Damage claims for $10 million were filed Tuesday against Los Angeles County and the City of Beverly Hills on behalf of two surviving victims of a jewelry store siege that left three people dead.
Attorney Harold V. Sullivan II made the claims on behalf of Carol Lambert, 41, and Robert Taylor, 60, as a result of the 13 1/2-hour siege that followed a botched robbery at Van Cleef & Arpels jewelry store on Beverly Hills' Rodeo Drive.
Accused of Killing 2
Steven Livaditis, 22, was ordered Monday to stand trial on three counts of murder and 12 other charges in the case.
Livaditis is accused of killing two hostages inside the store. The third hostage, store manager Hugh Skinner, 63, was killed by a sheriff's marksman as the gunman tried to escape, using the hostages as a shield.
At a preliminary hearing Monday, Sheriff's Deputy George Johnson testified he shot Skinner because he had been told that the only white man in the store was the gunman. However, both Skinner and Livaditis are white.
In a brief prepared statement, Sheriff Sherman Block's office declined Tuesday to comment on Johnson's testimony.
"Sheriff Block has been candid in reporting the facts surrounding the Beverly Hills hostage incident," said the statement, read by Deputy Lynda Edmonds.
"Several multimillion-dollar civil suits have been filed against Los Angeles County, and the sheriff will not make any further comments upon advice of legal counsel."
Sullivan filed claims for $5 million each for Lambert and Taylor. The county and Beverly Hills have six months to respond.
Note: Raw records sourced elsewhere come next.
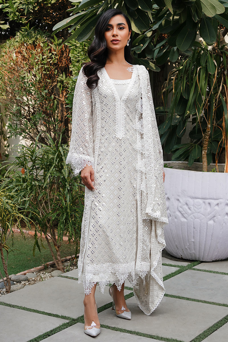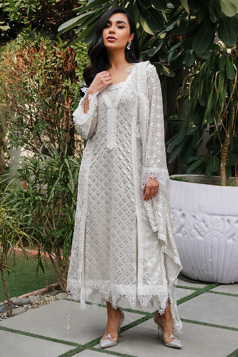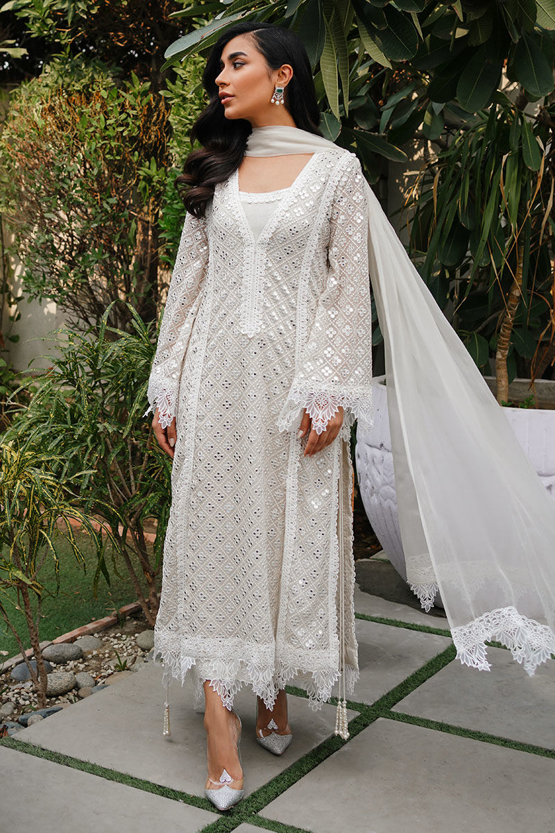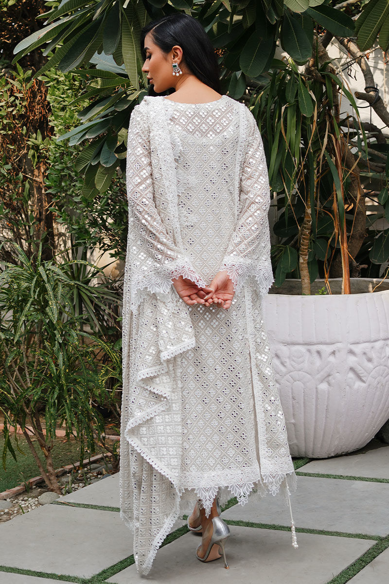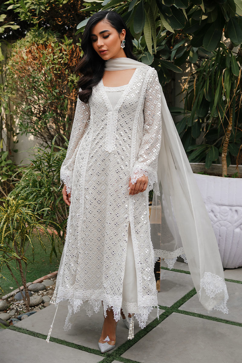 Elegance in every detail: Ivory georgette chiffon fabric adorned with foil and thread bootis, complemented by loop lace on neckline slits and front panels. Delicate floral cutwork lace embellishments and a charming chalks dori with pearls tassel elevate the look, while a longer inner with cutwork lace at the damaan adds a touch of sophistication."
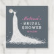 Elegante weiße Spitzen Brautkleid über grauem Hintergrund. Vorlage für anpassbare Brautpartys.
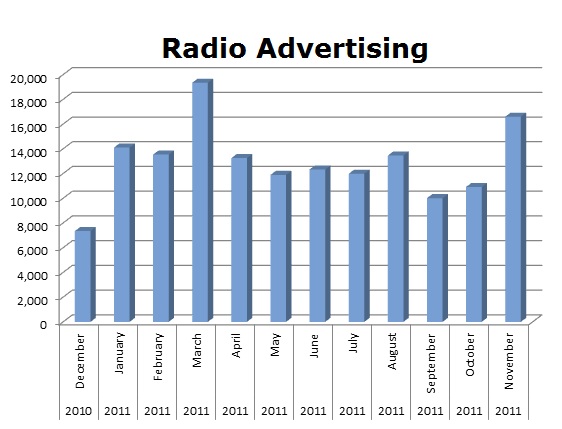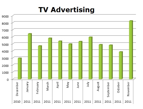 TV is an important part of the mix for RAC with 63,250 spots ran in the last 12 months. The biggest TV month was last month November 2011 with 8,243 spots.
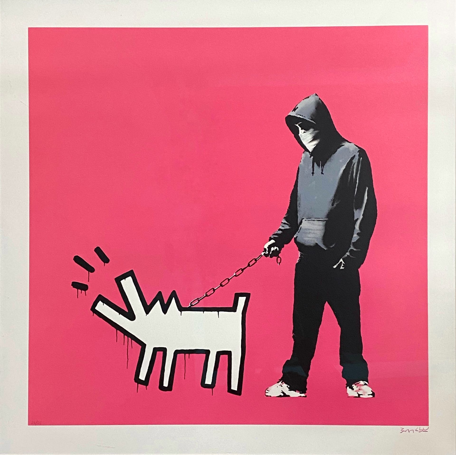 Dans son œuvre emblématique Choose Your Weapon, il juxtapose une silhouette urbaine anonyme au Barking Dog de Haring.
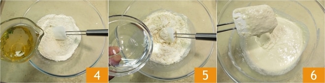y continuando mezclando, añade la cerveza 4 y el agua 5. Debes obtener una mezcla suave, sin grumos 6.
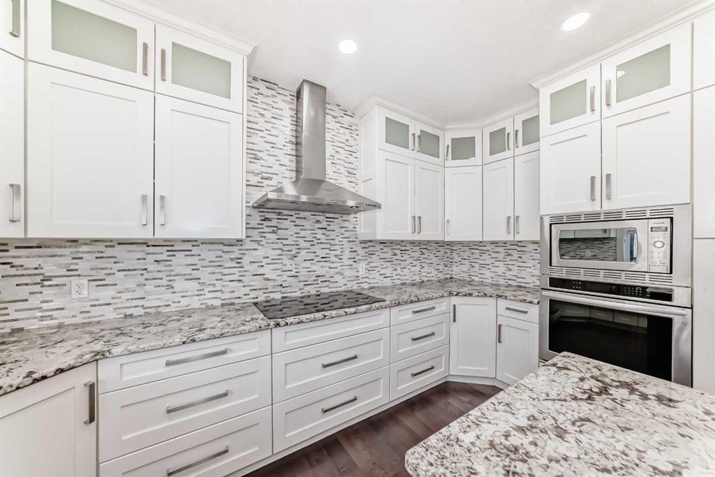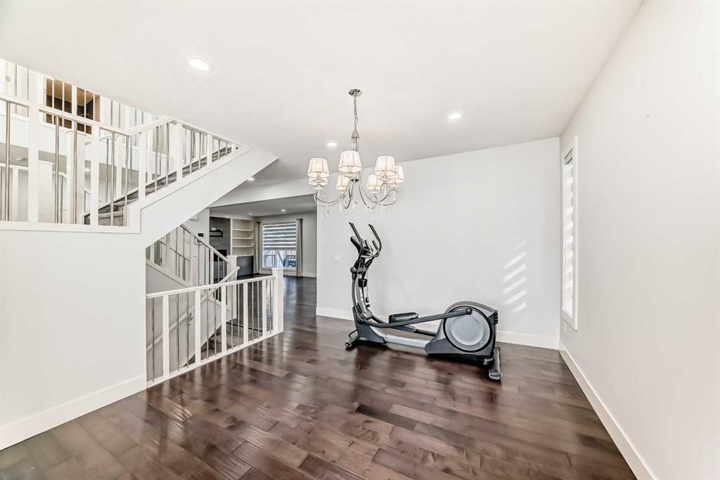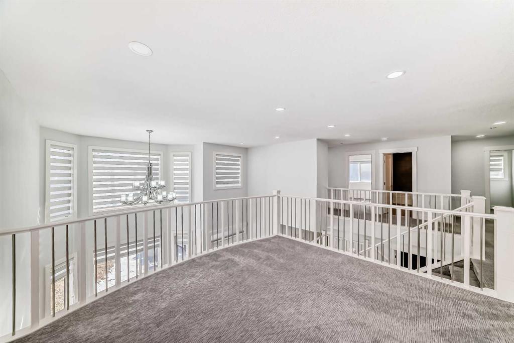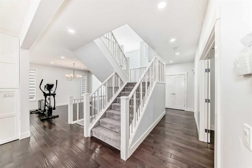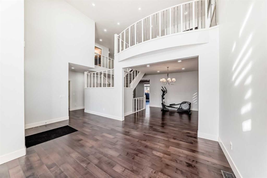 Welcome to 108 Kinniburgh Circle, a stunning home offering over 3,000 sq. ft. of beautifully designed living space in one of the community’s most desirable locations. From the moment you step inside, you’ll be impressed by the open-concept floor plan, 9-foot ceilings, rich hardwood flooring, and a dramatic open-to-below feature with elegant wood and iron railings that create a bright and spacious feel throughout the home. The chef inspired kitchen is the heart of the home, featuring built-in appliances, granite countertops, and a large centre island perfect for cooking, entertaining, and gathering with family and friends. The main floor offers exceptional versatility with a living room, dining room, den, and a cozy family room highlighted by a beautiful stone tile feature wall and built-in wall unit. Upstairs, you’ll find four spacious bedrooms, a convenient upper floor laundry room, and a large bonus room, providing plenty of space for family living and relaxation. The stunning heated garage also includes new epoxy flooring. The spacious west facing backyard is perfect for enjoying sunny afternoons and evening sunsets from your deck. Located in a fantastic family friendly community, this home is surrounded by beautiful lakes, ponds, parks, and scenic walking paths, and is within walking distance to schools, making it ideal for families looking for both convenience and lifestyle. This is a wonderful opportunity to own a spacious, feature packed home in an incredible location. Don’t miss it!
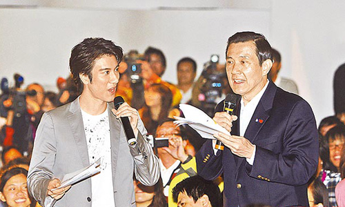 馬英九(右)與偶像歌手王力宏(左)在臺灣清華大學對談夢想造就軟實力。圖片來自網(wǎng)絡
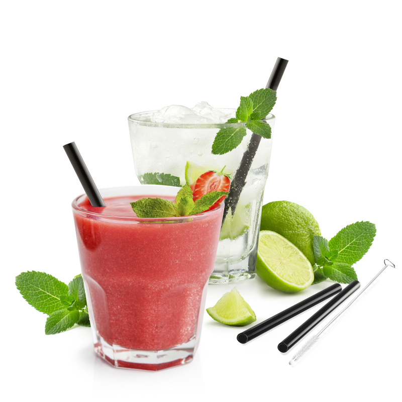 С грижа за природата! Комплектът от 4 бр стъклени сламки за пиене са една екологична и здравословна алтернатива на пластмасовите сламки.Изработени от рециклируемо стъкло, те са предназначени за многократна употреба. Не задържайки никакви аромати и вкусове, със стъклените сламки ще се насладите на любимите ви сокове, смути, вода, коктейли, кафе и др.За миене в съдомиялна машина в помощ могат да ви бъдат специалните приставки за стъклени сламки:GEFU Поставка за 4 бр стъклени сламки, за миене в съдомиялна машина FUTURE - код 12713
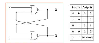 -> 단, S와 R이 1인 상태는 피하도록 설계(Q값과 Q바의 값이 둘 다 0이 되기 때문)
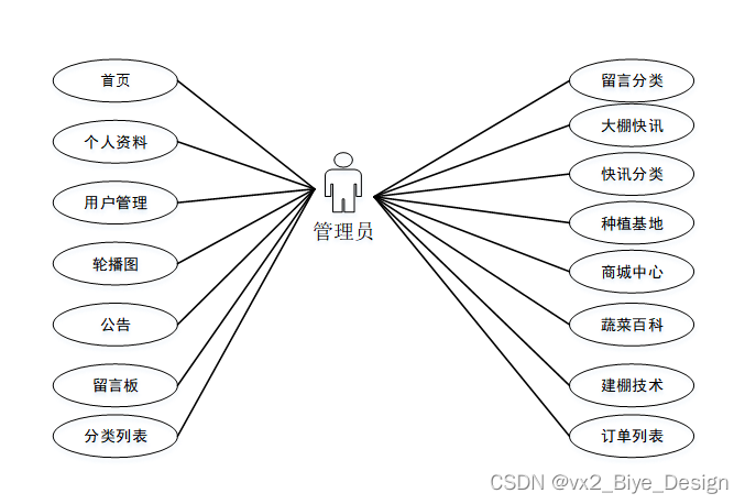管理员登录后可进行首页、个人资料(个人信息、修改密码)、公共管理(轮播图、公告)、用户管理(管理员、系统用户)、信息管理(留言板、留言分类、大棚快讯、快讯分类)、种植基地、蔬菜百科、建棚技术、订单列表、分类列表、商城中心管理,管理员用例如图3-1所示。

Sullivan said he expects the damage claims to be rejected, in which case he intends to file civil suits. Sullivan claimed that the county sheriff and Beverly Hills police were negligent in handling the incident.
Police Error Claimed
He contended that police erred because the first squad car to arrive shortly after a silent alarm went off pulled up in front of the store, and subsequent squad cars arrived with their sirens wailing, alerting the gunman.
He also said Beverly Hills police had little experience in handling hostage situations and "didn't understand the seriousness of the situation." Sheriff's special weapons and tactics (SWAT) officers who were summoned were less experienced than those of the Los Angeles Police Department, Sullivan said.